Hey, some of you guys could even develop one, since you've familiarized yourselves with running those DieHarder tests. What are the chances, I wonder, that you could scale down xoroshiro128+ to 32 bits and pass those tests? You'd have to come up with new rotate values. Wait... That thing used 128 bits to get 63 out. At 32 bits, we'd get 15 bits out, only, but we could just run it twice.
A while back I made a test program to exercise the new PRNG mechanism.
The program generates random mazes and has a graphical representation of the maze generation.
The completed maze is output in text format over serial.
It can run on single cog FPGA builds without video too.
Larger maze generation is quite hypnotic. :zombie:
A fun exercise and shows the PRNG runs very nicely.
If 31 bits is suitable then I can give some details when I get home tonight.
Neat! If you used a simple LFSR, would the maze develop more of a cyclical appearance?
The point is to have the PRNG work on only 32 bits of data, a long. We could get 32 bits out by running it two or three times.
The scaling is approximately linear to what I guess is repeat length up to about 28 bit result size, then there is some stronger signal that starts impacting the quality of randomness as the size increases from there, so you don't get as big a benefit from increasing the result size.
Or, the other way to look at it is going lower than 28 bits will dramatically reduce quality.
So a xoroshiro64+ would be in two 32 bit registers.
PS: It'd be terrible at this size! Choose something else.
Yes. One long, only. We can iterate it a few times to get the next result.
The values 55, 14, and 36 need to be changed. The solution space is 16x16x16, which is only 4096 possibilities. Which combo of three 0..15 values is optimal? That is the question.
Remember, based on the way the original algorithm worked, that the LSB of each sum is just an LFSR bit, and should not be used as output. So, this thing should give 15 bits of quality output per iteration.
I have a Spin implementation here: http://forums.parallax.com/discussion/136975/jkiss32-high-quality-prng-with-realrandom-seed-save-a-cog
JKISS32 is described in this paper: "Good Practice in (Pseudo) Random Number Generation for Bioinformatics Applications" of May 7th 2010.
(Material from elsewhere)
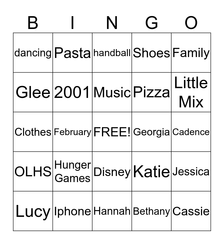 This bingo card has a free space and 31 words: Hannah, thirteen, February, One direction, dancing, handball, 2001, Katie, Georgia, Bethany, Cadence, Cassie, Josh Hutcherson, Harry Styles, Little Mix, Ciara, Jessica, Hunger Games, OLHS, Disney, Family, Friends, Lucy, Pasta, Pizza, Glee, Shoes, Clothes, Iphone, Music and Love.

http://www.cs.ucl.ac.uk/staff/d.jones/GoodPracticeRNG.pdf
But I'm looking for something that only has 32 bits of state, so that we can have a postfix math operator to iterate a long variable. In software, it's sometimes important to have a simple, but repeatable PRNG.
I effectively made this and it ran for $7FFF_FFFF iterations before it repeated the seed value of 1:
That's pretty good, but I don't know what it does if it gets into one of those missing states from a seed of 1. I wonder, does the xoroshiro128+ get all the way to 'power(2, 128) - 1' iterations before it loops? Or, can I find another shift set that will get to $FFFF_FFFF iterations before the original seed of 1 reappears?
Ah, yes, the postfix math operator my be problematic.
https://www.schneier.com/academic/archives/1994/09/pseudo-random_sequen.html
Period 2^32 - 1
As he says:
"One final note of caution: There are many more feedback arrangements for various-length LSFRs that produce maximum-length sequences, but don't fiddle with the feedback sequences without the proper mathematical theory. The particular bits that are XORed together may seem arbitrary, but they are chosen to ensure that the sequence takes 2n-1 bits to repeat. Blindly choosing a different feedback sequence can easily make the output sequence repeat after only a couple of hundred bits, and you would be better off sticking with your store-bought RND function."